__Source records__:
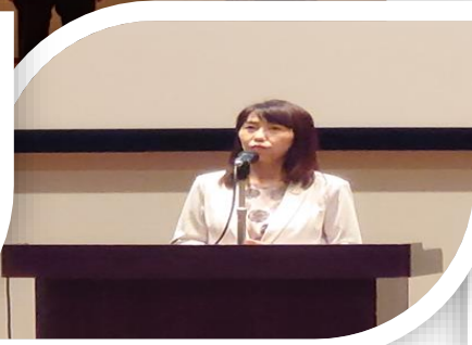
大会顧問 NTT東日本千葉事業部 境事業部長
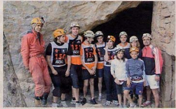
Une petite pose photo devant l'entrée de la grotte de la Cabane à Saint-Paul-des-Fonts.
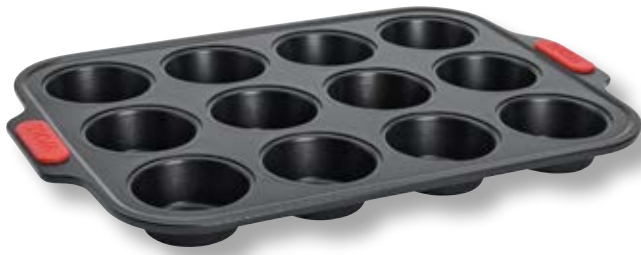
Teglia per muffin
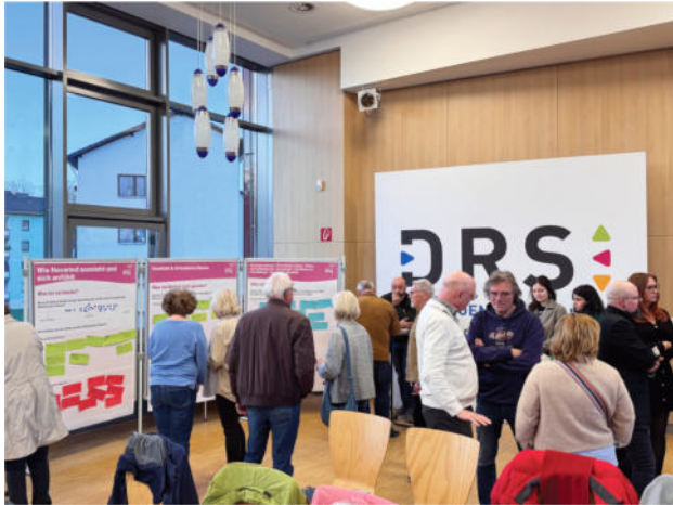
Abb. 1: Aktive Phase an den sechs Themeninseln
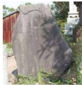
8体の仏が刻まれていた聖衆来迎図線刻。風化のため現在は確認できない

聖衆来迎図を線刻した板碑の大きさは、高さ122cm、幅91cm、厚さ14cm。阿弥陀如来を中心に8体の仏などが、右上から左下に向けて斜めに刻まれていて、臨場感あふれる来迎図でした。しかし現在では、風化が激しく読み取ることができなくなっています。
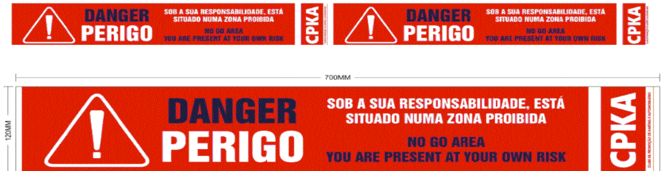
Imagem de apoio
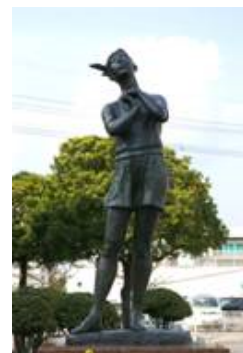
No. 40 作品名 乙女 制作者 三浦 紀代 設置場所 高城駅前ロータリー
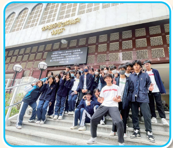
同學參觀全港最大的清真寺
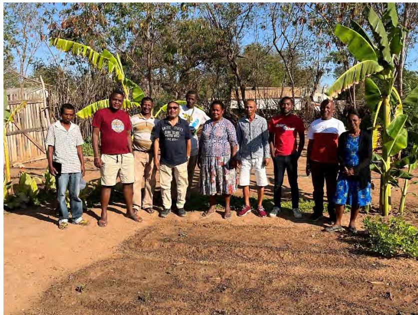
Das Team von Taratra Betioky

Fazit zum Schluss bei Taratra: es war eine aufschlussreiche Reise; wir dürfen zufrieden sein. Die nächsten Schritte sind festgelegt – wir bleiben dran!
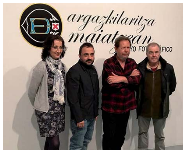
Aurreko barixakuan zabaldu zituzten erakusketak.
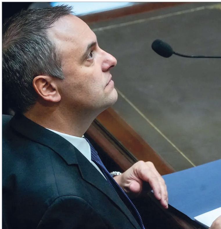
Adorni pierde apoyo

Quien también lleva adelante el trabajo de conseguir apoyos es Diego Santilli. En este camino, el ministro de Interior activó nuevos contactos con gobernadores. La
--
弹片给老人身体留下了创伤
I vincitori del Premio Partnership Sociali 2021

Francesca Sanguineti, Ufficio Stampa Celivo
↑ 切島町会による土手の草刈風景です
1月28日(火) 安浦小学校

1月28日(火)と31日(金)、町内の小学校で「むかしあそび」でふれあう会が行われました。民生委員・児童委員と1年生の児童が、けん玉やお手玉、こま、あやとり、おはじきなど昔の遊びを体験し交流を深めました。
...
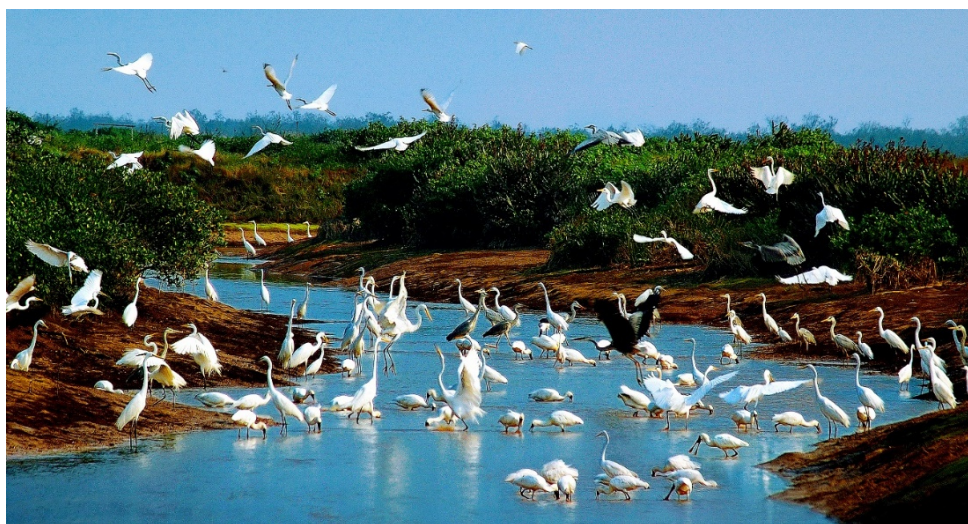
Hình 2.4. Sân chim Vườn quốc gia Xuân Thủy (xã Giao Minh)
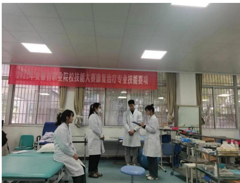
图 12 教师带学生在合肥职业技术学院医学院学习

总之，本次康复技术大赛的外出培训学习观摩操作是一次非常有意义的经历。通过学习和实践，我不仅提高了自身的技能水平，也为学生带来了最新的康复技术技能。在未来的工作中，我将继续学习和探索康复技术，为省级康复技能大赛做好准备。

__Assignment__: Print, word for word, the lines above that run from the line containing "Aurreko barixakuan zabaldu" to the line containing "Quien también lleva", both included. Keep the pictures out.

__Answer to the exercise__:
Aurreko barixakuan zabaldu zituzten erakusketak.
Adorni pierde apoyo

Quien también lleva adelante el trabajo de conseguir apoyos es Diego Santilli. En este camino, el ministro de Interior activó nuevos contactos con gobernadores. La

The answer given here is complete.